Data excerpts
☆ ☆ ☆ ☆ ☆ ☆ ☆

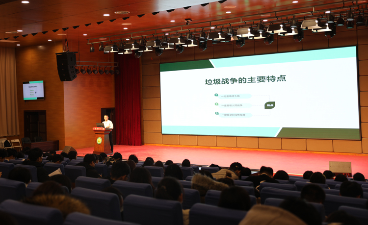 活动中,朱振华结合自己的军旅生活,以军队作比,对当前垃圾分类工作的背景和现状进行了分析,将其形容为人类对垃圾的“阻击战”,从“敌情”和“我情”两个方面分析了垃圾阻击战的基本情况、导致垃圾分类形式变化的根本原因,指出垃圾阻击战具有“持久战”、“人民战争”和“阶段性发展”等特点,并通过“情报”“通信”“机动”和“火力”等四个方面生动阐释了《条例》在这场特殊战争中的指导意义。他还从学校、社团、个人等三个层面讲述了青年学子们该如何投身到垃圾阻击战中,
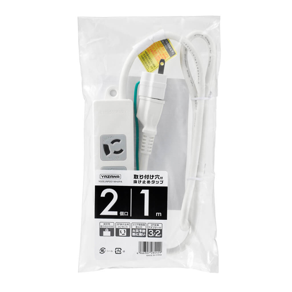 ●ヤザワ Y02EJNP201WH2PA 抜け止めタップ 3ピン式 2個口 1m 取り付け穴付 ホワイト
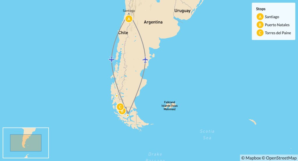 Map of Ultimate Chilean Patagonia Adventure – 12 Days
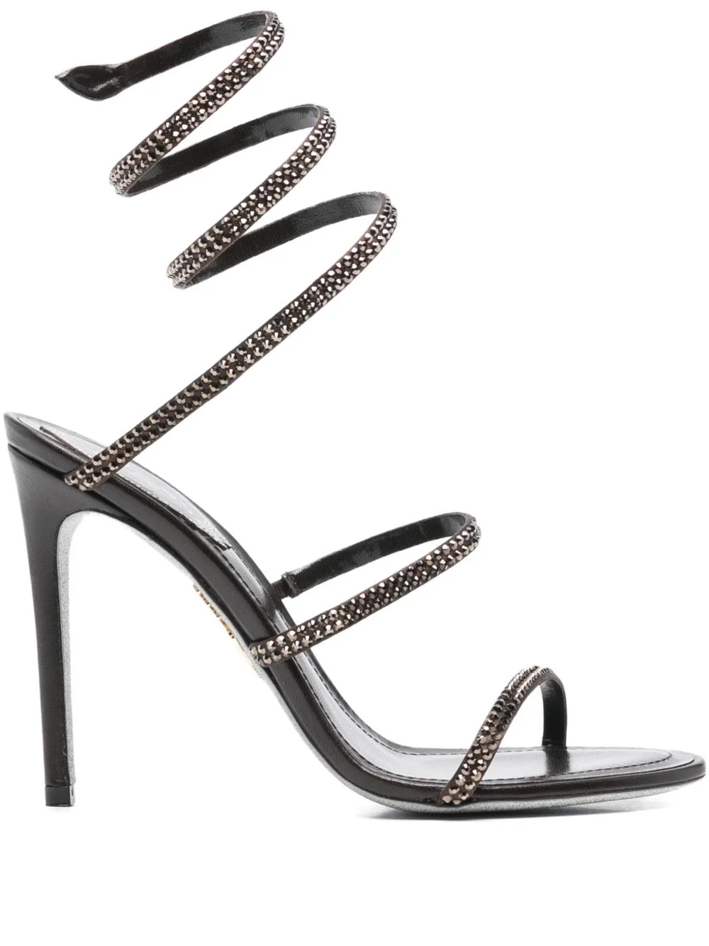 80mm Cleo sandals Highlights - Brown - Spiral ankle strap - Stiletto heel - Crystal embellishment - Open toe Made in Italy Composition Sole: Calf Leather 100%, Rubber 100% Outer: Satin 100% Lining: Calf Leather 100% SIZE & FIT Measurement HEEL 3.14 in(8 cm)
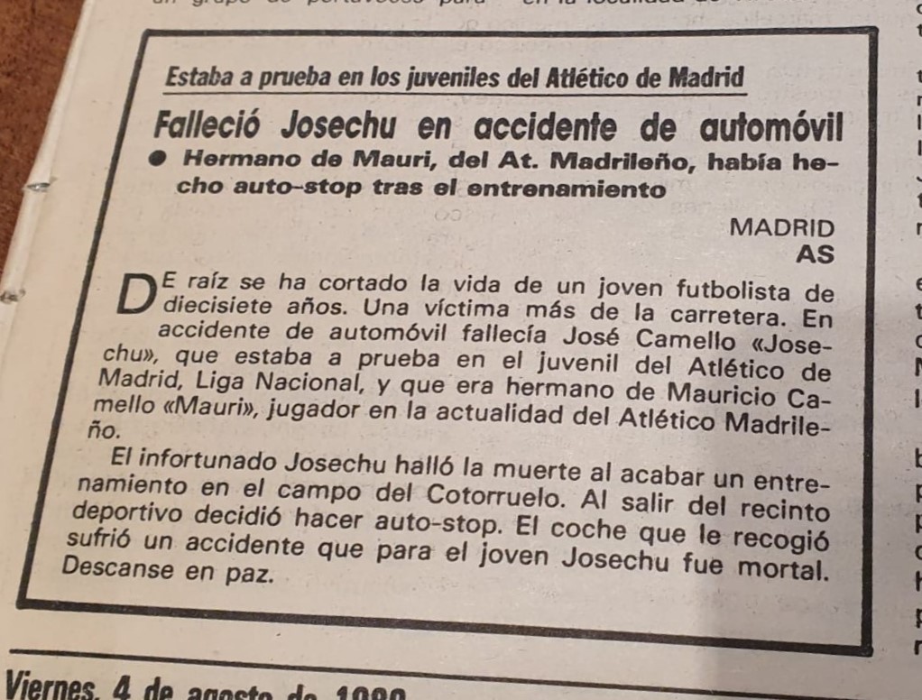 El fallecimiento de Josechu con solo 17 años tras un accidente de coche es sin duda el golpe más duro que han sufrido los Camello. El cuarto hermano de los cinco que eran en la familia también fue futbolista y, como no, canterano del Atlético de Madrid. Fue justo después de firmar con el juvenil cuando un 2 de agosto, nada más terminar el entrenamiento, Josechu perdía la vida en un accidente de tráfico.
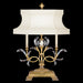 Table Lamp in a warm muted gold leaf finish featuring beveled crystal accents.
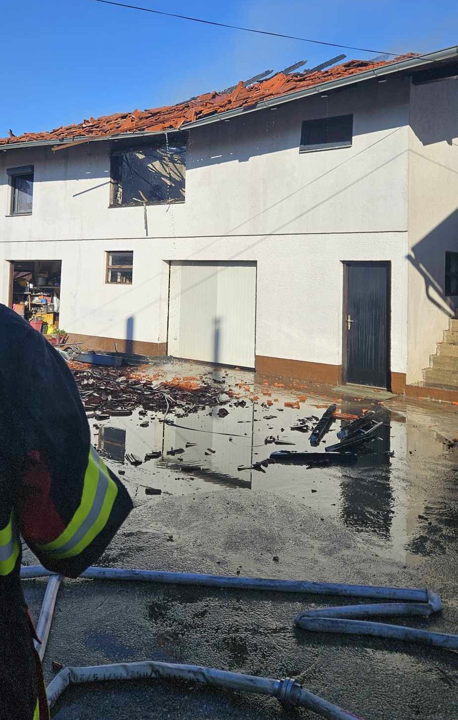 Nešto prije 16 sati u Dunjkovcu se dogodila eksplozija, a onda je na objektu izbila vatra. Vatrogasci su na terenu, ugasili su vatru, a hitna je odvezla jednu ozlijeđenu osobu.
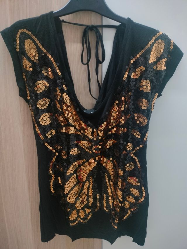 Camiseta fiesta lentejuelas mariposa S
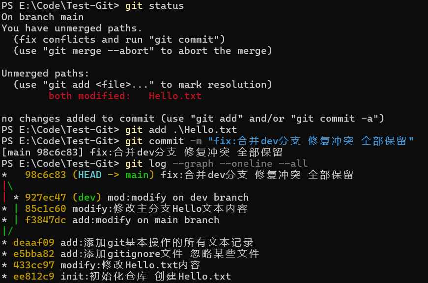 所以冲突解决的流程就是:git merge 合并分支 ---> 手动编辑文件决定保留哪些内容 ---> git add 标记已解决 ---> git commit 提交合并请求并形成一个新的提交记录。
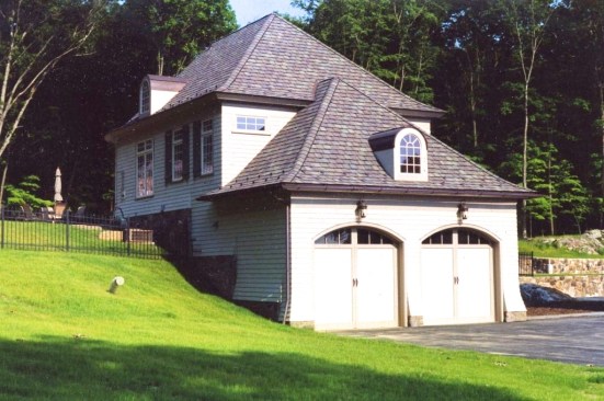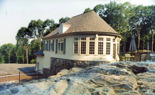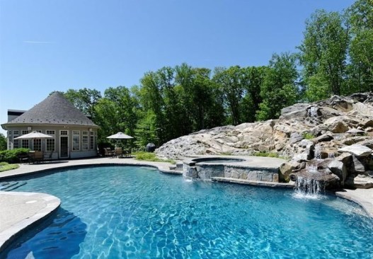 The pool house has a kitchen, bath, and changing rooms above a two car garage. The free form pool that sits adjacent to the pool house was blasted out of the rock ledge and incorporates a waterfall down the face of the rock into the pool.
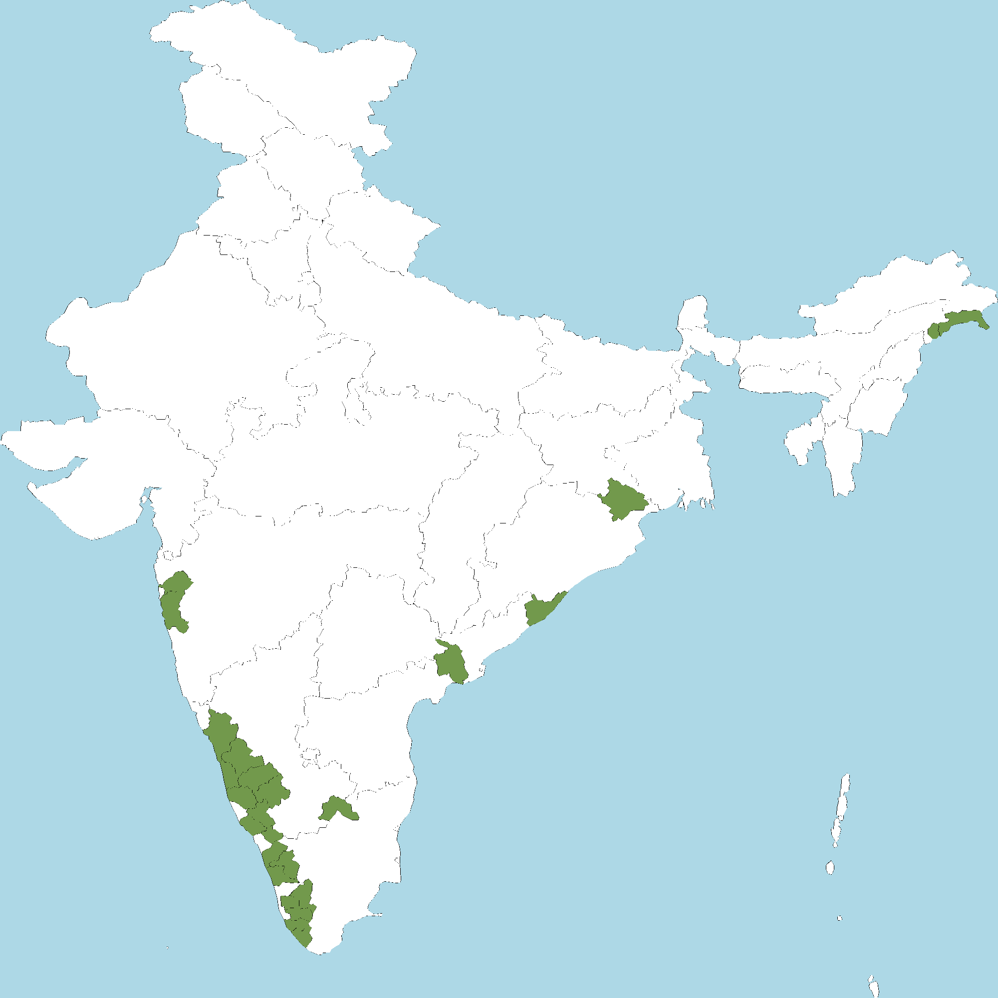 - Kerala : Kannur district, Wayanad district, Malappuram district, Palakkad district, Thrissur district, Idukki district, Kottayam district, Pathanamthitta district, Kollam district, Thiruvananthapuram district
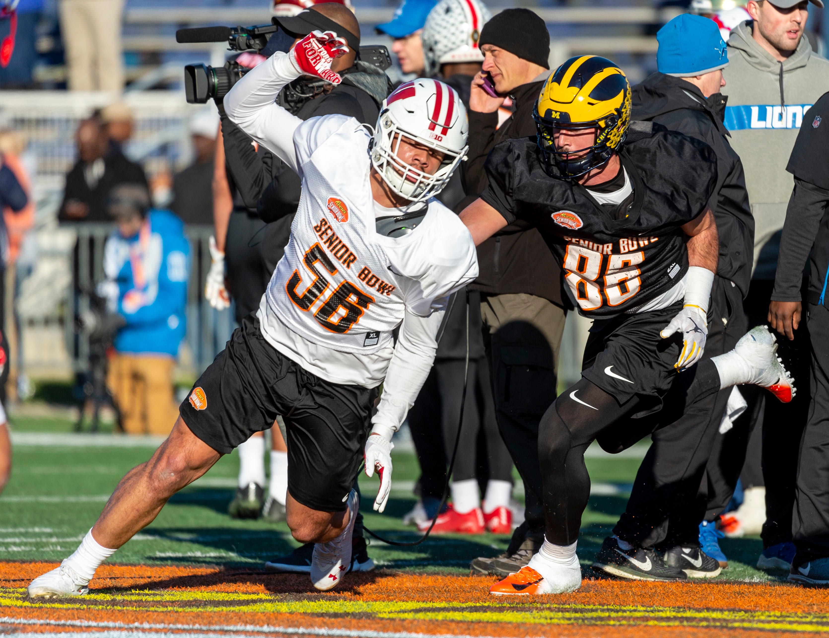 Jan 21, 2020; Mobile, Alabama, USA; North outside linebacker Zack Baun of Wisconsin (56) works around North tight end Sean McKeon of Michigan (86) during Senior Bowl practice at Ladd-Peebles Stadium. Mandatory Credit: Vasha Hunt-USA TODAY Sports / Vasha Hunt
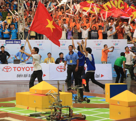 Các thành viên đội LH LED thể hiện sự vui mừng sau khi giành chiến thắng trong trận chung kết Robocon 2010. Ảnh: ATT. |
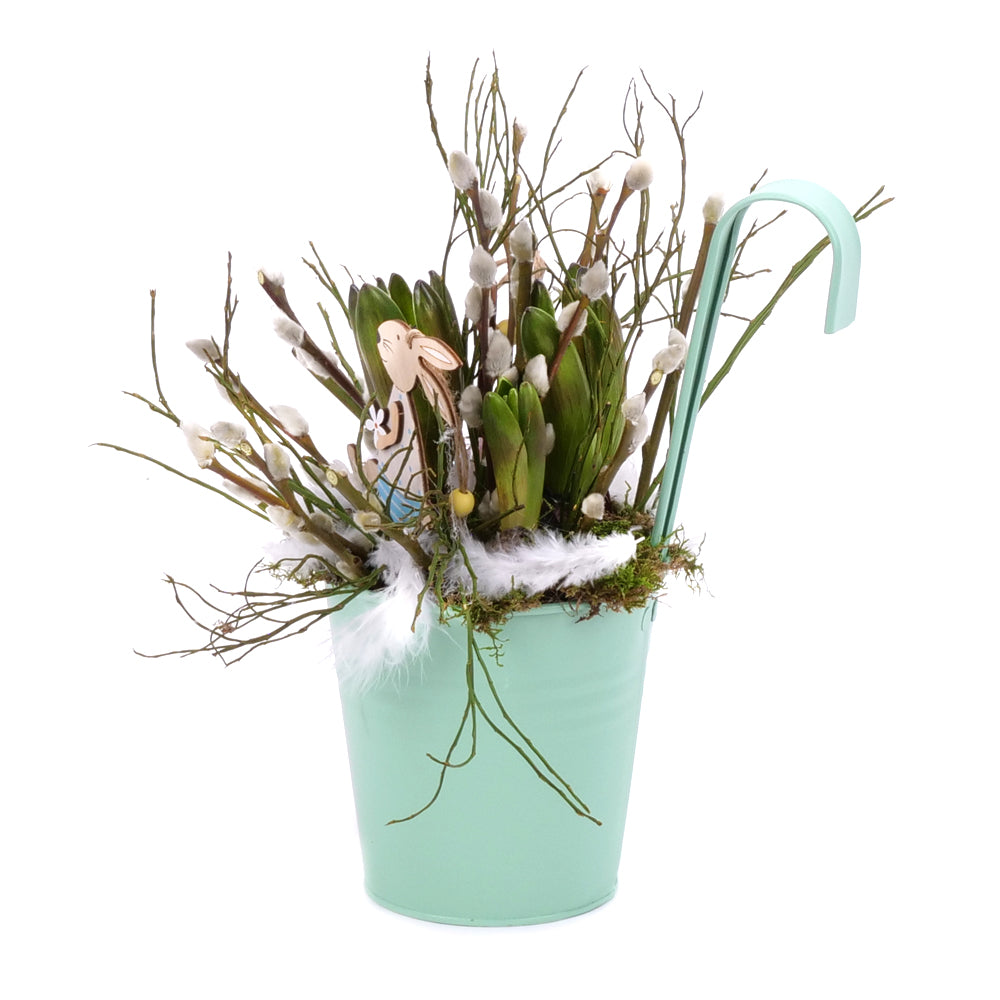 Hyacinty v plechovom obale, salix a drevené zajačiky
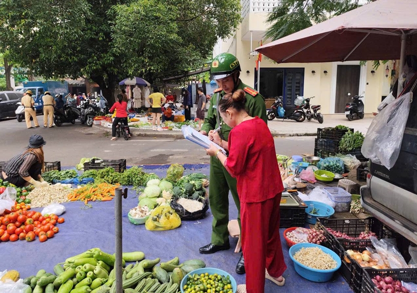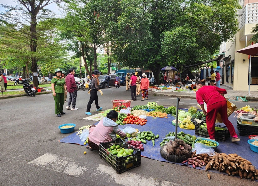 Theo đó, khoảng 7h, lực lượng chức năng phát hiện nhiều người dân bày bán rau củ, trái cây xuống lòng đường. Ngoài ra, rất nhiều xe máy do người bán, người mua dựng tràn lan dưới lòng đường gây cản trở giao thông, tiềm ẩn nguy cơ tai nạn giao thông.
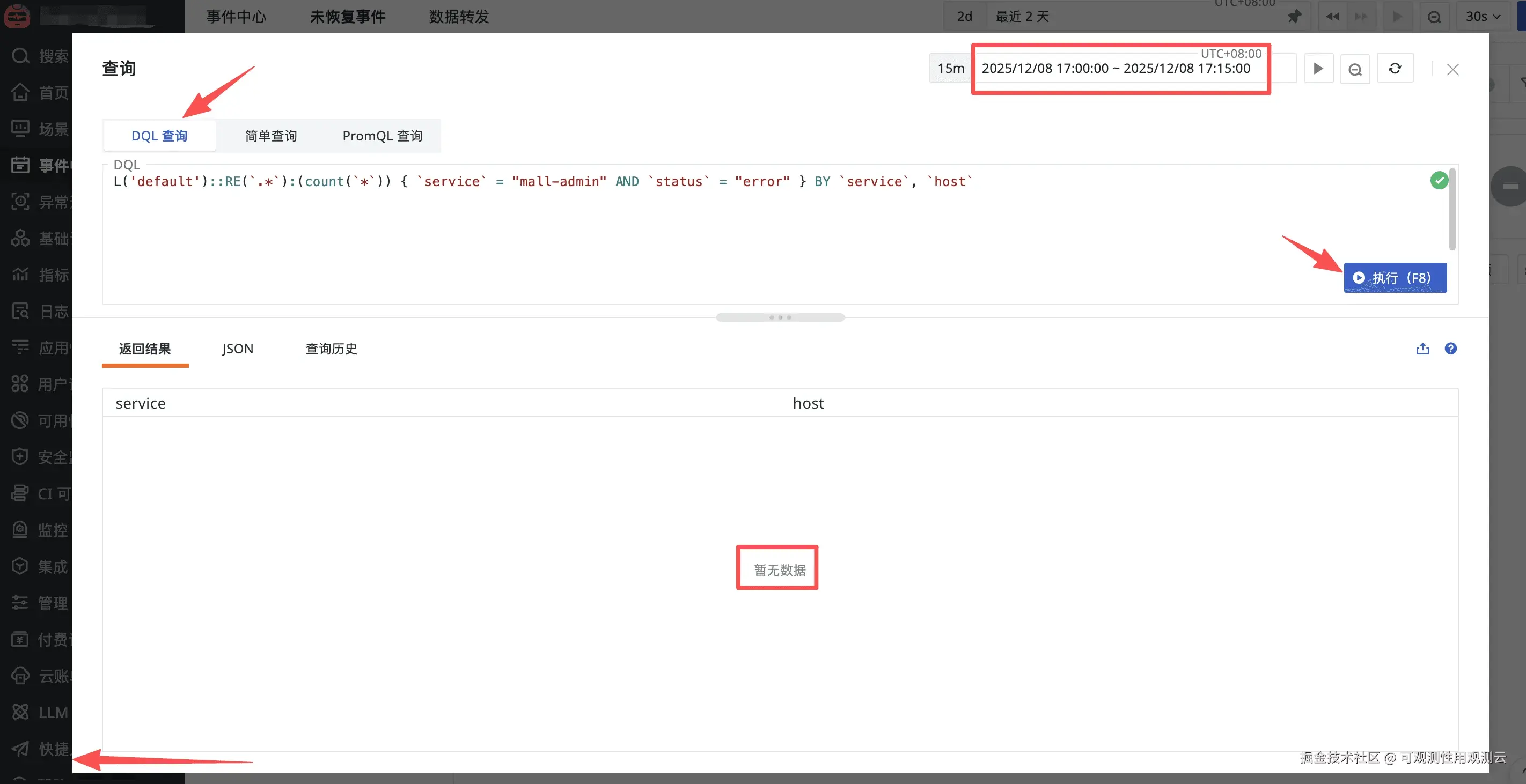 打开「快捷入口」 -「DQL 查询」,粘贴 DQL,去掉外层的 windows 函数,去掉转义,检测区间选择和监控器相同,点击“执行”。如果无数据则不会触发告警。

☆ ☆ ☆ ☆ ☆ ☆ ☆

#### DIRECTIONS FOR THIS TASK
Starting at the line that contains "Theo đó, khoảng", please write out each line through the last line of the data, both ends included, and keep pictures out of the copy.

#### EXERCISE OUTPUT
 Theo đó, khoảng 7h, lực lượng chức năng phát hiện nhiều người dân bày bán rau củ, trái cây xuống lòng đường. Ngoài ra, rất nhiều xe máy do người bán, người mua dựng tràn lan dưới lòng đường gây cản trở giao thông, tiềm ẩn nguy cơ tai nạn giao thông.
 打开「快捷入口」 -「DQL 查询」,粘贴 DQL,去掉外层的 windows 函数,去掉转义,检测区间选择和监控器相同,点击“执行”。如果无数据则不会触发告警。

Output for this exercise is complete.